* How to complete this task: Exact transcription begins at the first line of the material below and ends with the line holding "Verhef je PC-build"; pictures are skipped.
Given data START
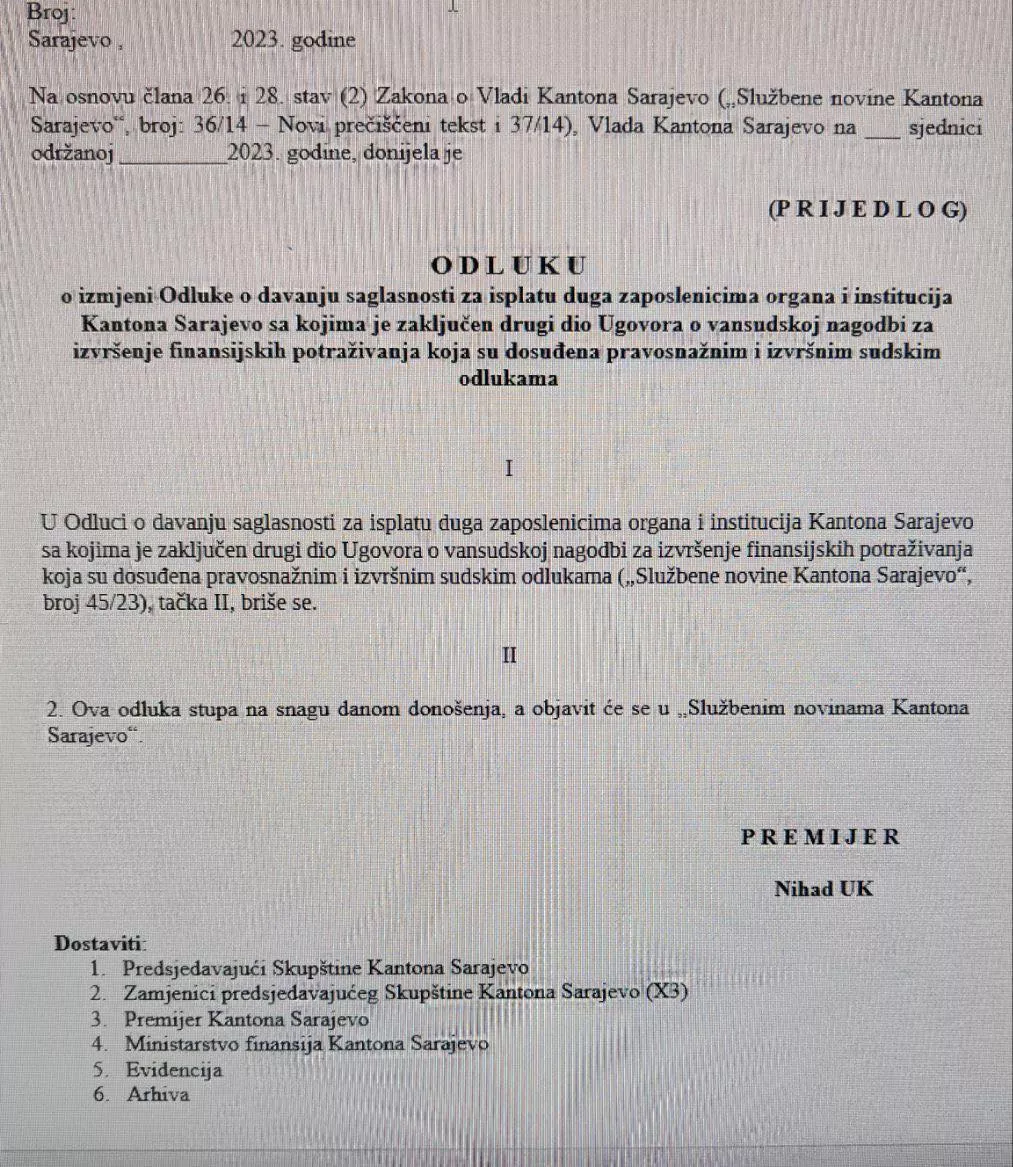 Kao šef Kluba SBiH sam u maju mjesecu ove godine uputio inicijativu prema Vladi KS da poništi nezakoniti javni poziv za zaključenje vansudskih nagodbi za izmirenje finansijskih potraživanja iz radnog odnosa po pravosnažnim i izvršnim sudskim odlukama dosuđenim zaposlenicima u organima i institucijama Kantona Sarajevo, te isplatu izvrši u skladu sa Zakonom o izvršnom postupku FBiH i da omogući provođenje rješenja o izvršenju iz odluke Ustavnog suda BiH AP-3761/20, što je zakonska obaveza Vlade KS.
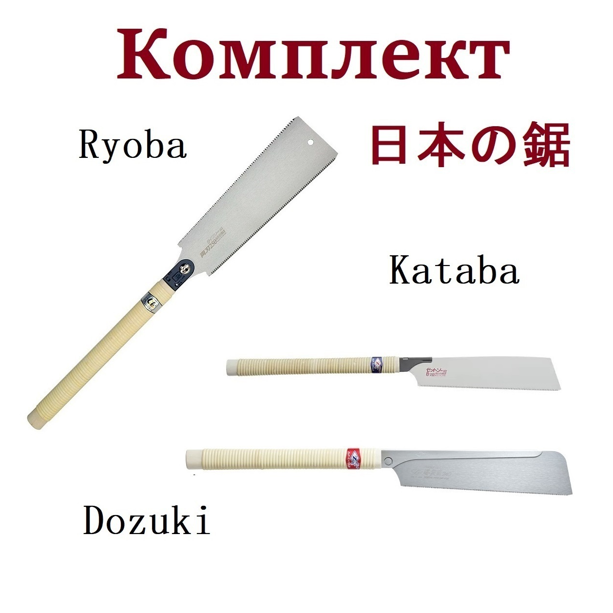 ОПТИМАЛЬНЫЙ НАБОР Японские столярные пилы 3 предмета: Пила двусторонняя Ryoba 250 мм 18 / 9 TPI 52301, Пила безобушковая Kataba Cross 250 мм 18 TPI Z.15006, Пила обушковая универсальная Dozuki Fine 240 мм 25 tpi ZETSAW Z.07121 N012-3AM
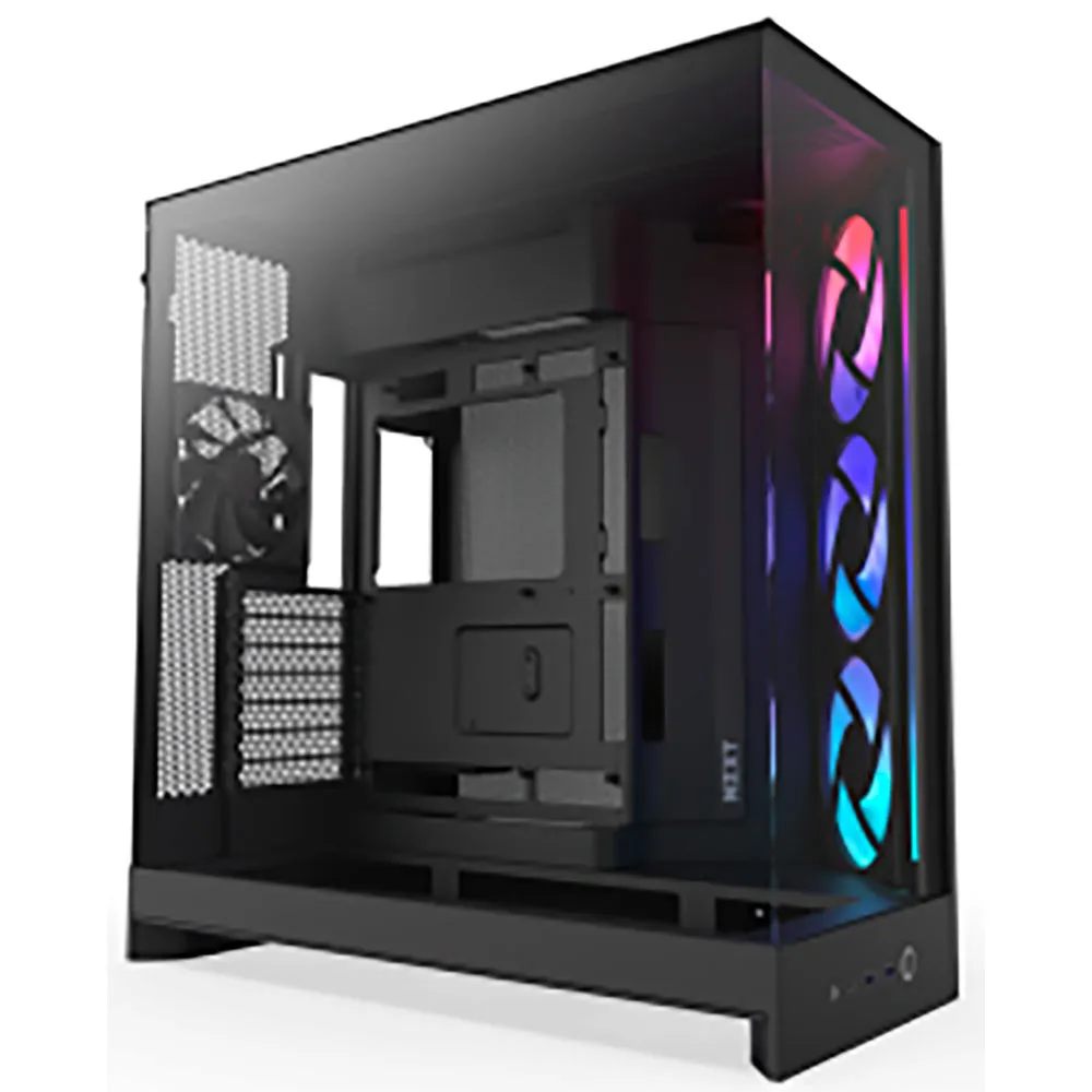 Verhef je PC-build tot een kunstwerk met de NZXT H9 Flow RGB, een prachtig ontworpen ATX mid-tower behuizing die premium esthetiek meesterlijk combineert met uitzonderlijke thermische prestaties. De H9 Flow is ontworpen voor liefhebbers die zowel vorm als functie eisen en biedt een ongeëvenaard panoramisch zicht op je high-end componenten door de ononderbroken voor- en zijpanelen van gehard glas, waardoor een prachtige showcase ontstaat voor je gaming rig of workstation.
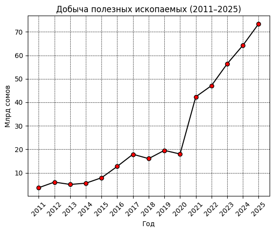 Одна из крупных индустрий КР — добыча полезных ископаемых. В 2025 году она обеспечила 73.4 млрд сомов. Для сравнения: в 2011 году объем составлял 3.7 млрд сомов. Рост почти в 20 раз. Это один из самых быстрорастущих сегментов промышленности.
Given data END
* Response box:
 Kao šef Kluba SBiH sam u maju mjesecu ove godine uputio inicijativu prema Vladi KS da poništi nezakoniti javni poziv za zaključenje vansudskih nagodbi za izmirenje finansijskih potraživanja iz radnog odnosa po pravosnažnim i izvršnim sudskim odlukama dosuđenim zaposlenicima u organima i institucijama Kantona Sarajevo, te isplatu izvrši u skladu sa Zakonom o izvršnom postupku FBiH i da omogući provođenje rješenja o izvršenju iz odluke Ustavnog suda BiH AP-3761/20, što je zakonska obaveza Vlade KS.
 ОПТИМАЛЬНЫЙ НАБОР Японские столярные пилы 3 предмета: Пила двусторонняя Ryoba 250 мм 18 / 9 TPI 52301, Пила безобушковая Kataba Cross 250 мм 18 TPI Z.15006, Пила обушковая универсальная Dozuki Fine 240 мм 25 tpi ZETSAW Z.07121 N012-3AM
 Verhef je PC-build tot een kunstwerk met de NZXT H9 Flow RGB, een prachtig ontworpen ATX mid-tower behuizing die premium esthetiek meesterlijk combineert met uitzonderlijke thermische prestaties. De H9 Flow is ontworpen voor liefhebbers die zowel vorm als functie eisen en biedt een ongeëvenaard panoramisch zicht op je high-end componenten door de ononderbroken voor- en zijpanelen van gehard glas, waardoor een prachtige showcase ontstaat voor je gaming rig of workstation.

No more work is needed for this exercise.